Котёнок напрыгнул, полез у него по штанине, хорошо цепляясь за позолоченные канителины.

— Бегает уже их двадцать человек, — сказала как-то о котятах Ксения. — Твоим сенаторам не надо? В палаты себе не возьмёшь?

Уже на другой день: пропала и запах пропал. Но почувствовалась — между ним и ней, живой, — живейшая равнина, соединившая их. Казалось мгновениями, что Ксения даже не стала дальше, даже стала ближе, озарённее, любимей. И не потому, что он скучал по ней. На непредставимом расстоянии ясно чуялось одно это — самое высокое и отдалённейшее в ней, чему сама мешается, когда вблизи.

Потому — по человечку сочленяя вокруг преданнейшее окружение, мечтая руками и конями его наконец учредить себе тайную встречу с матерью, — тосковал он по ней, не тоскуя. Был сейчас он и с женой, и с матерью: сумеречная равнина меж ними совпала даже не с землёй-Русью, где ветры, воздыхания, тревоги, крики... — совпала она с какой-то вещей божественной страной.

От прежней Ксении ясна была веющая по сему простору сказка, стремительная зябь воображения...

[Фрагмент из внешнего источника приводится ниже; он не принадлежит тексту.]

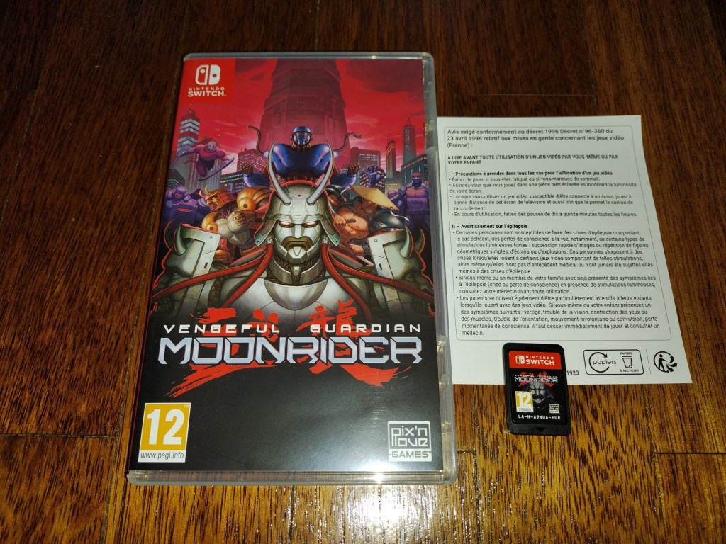 Vamos voltar à Nintendo Switch para mais um indie que teve direito a um lançamento físico neste sistema. Produzido pela Joymasher, que já nos trouxe vários outros videojogos inspirados em clássicos retro como Oniken (que tenho cá para jogar um dia destes), Odallus e Blazing Chrome, este Vengeful Guardian: Moonrider é um belo tributo aos melhores jogos de acção da era 16bit. Referências a títulos como Shinobi, Mega Man X ou Turrican são mais que evidentes! O que só descobri há pouco é que a Joymasher é um estúdio brasileiro, pelo que lhes devo dizer que estão de parabéns pelo óptimo trabalho! O meu exemplar foi comprado numa loja online algures no passado mês de Julho por cerca de 30€.
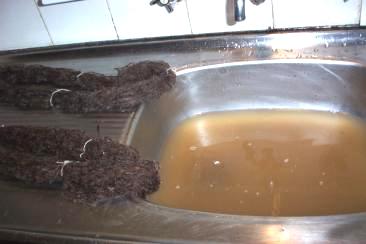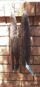 Figures 13 and 14 show how amazingly dirty my black wool was, even after vigorous brushing, and a couple of skeins hanging up to dry from wire hooks with my highly ersatz skein-weights.
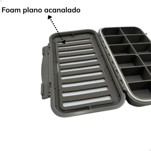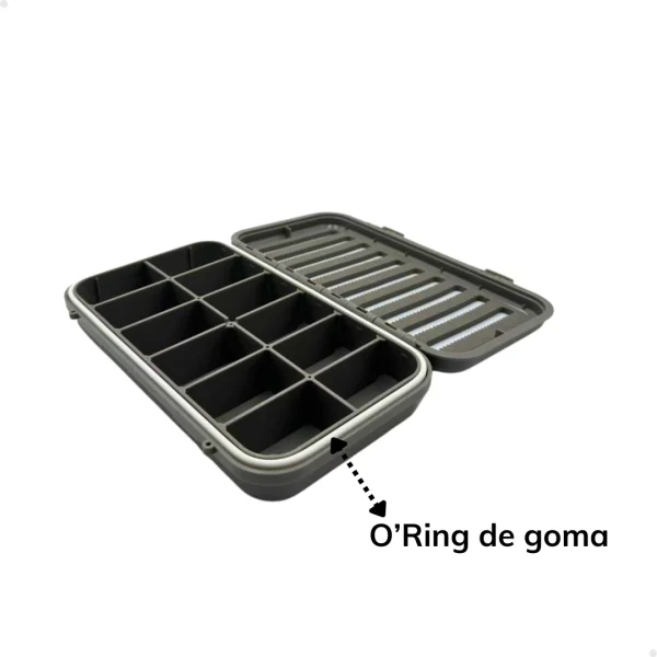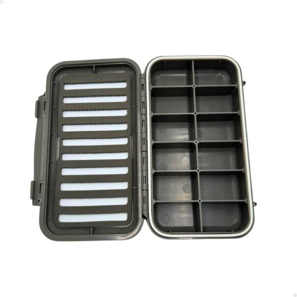 - Caja de moscas Grey Gull, con doble compartimiento , uno con Foam y otro con 12 divisiones
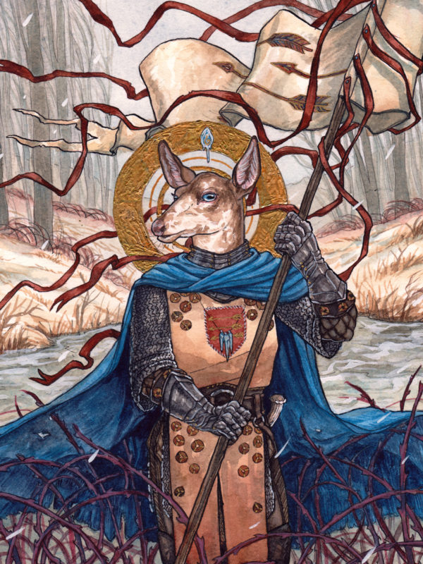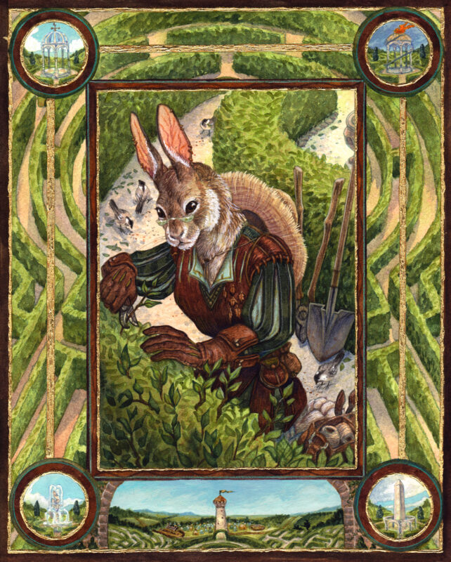 Outside of his freelance work, he has been slowly but surely been illustrating his own tarot deck. The Courtly Beasts Tarot- along with a good deal of Matthew’s other personal work- depicts a fantastical world populated by anthropomorphic animals in elaborate costume, set within lush environments both botanical and architectural.
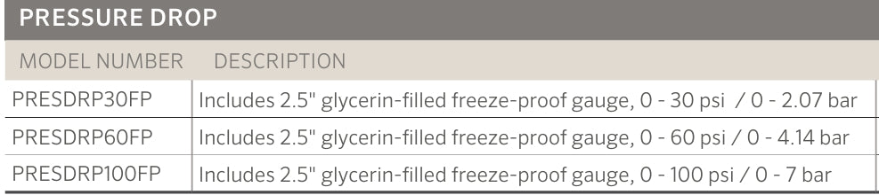 Includes either a 0-30 psi or 0-60 psi glycerin-filled 2.5" diameter gauge
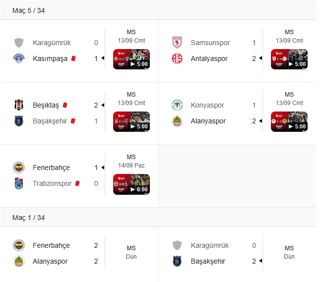 18 Eylül Süper Lig puan durumu sıralama tablosu ve en son oynanan maçların skorları şöyle;
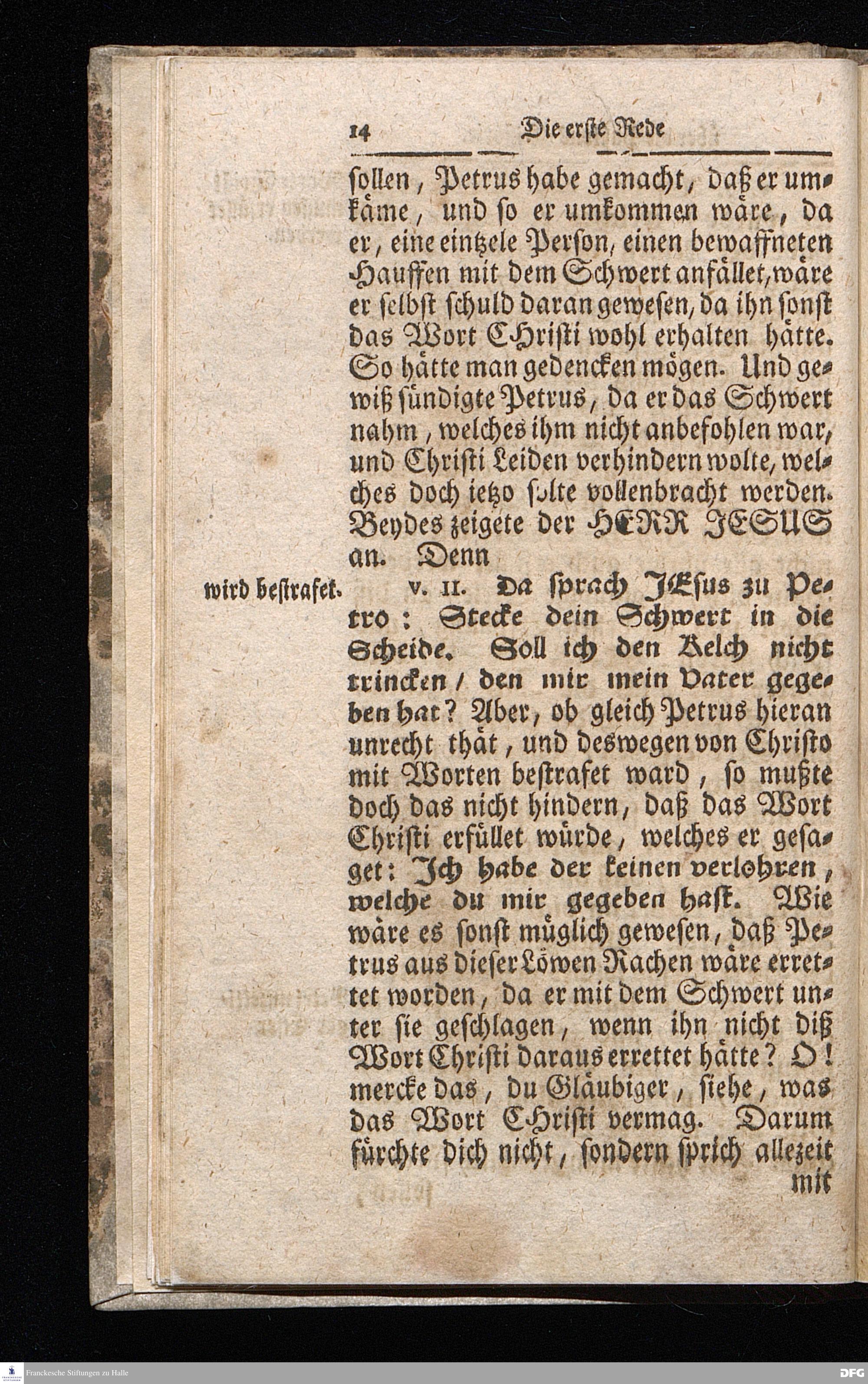 August Hermann Franckens / S.Theol.Prof.& Past.zu S.Ulrich und des Gymnasii Scholarchæ, Oeffentliche Reden über die Paßions=Historie / Wie dieselbe vom Evangelisten Johanne im 18.u.19. Cap. beschrieben ist / gehalten Von Esto mihi bis Ostern 1716. In dem Wäysenhause zu Glaucha an Halle. EDITIO II. HALLE / Gedruckt und verlegt im Wäysenhause MDCCXIX.

Как это — до сей поры Ксения помнила, что во времена помешавшихся погод, три года назад, на Москве выли волки? Но Отрепьев тогда, в монахах ещё, тоже был на Москве и свободно ходил по всему городу (и по окраинам, и по Заречью, куда уж никак не могла досягнуть Ксения), и он никаких волков не повстречал.

Но синее поле это вскоре процвело, покрылось новым быльём и злаком, стало неузнаваемо. И, возвращаясь с ловитвы, увидел вдруг он на лугу битюга — с толстой шеей, но неправдоподобно, по-лебяжьи заломленной и закруглённой — с фрески просто, не из всякой ещё сказки...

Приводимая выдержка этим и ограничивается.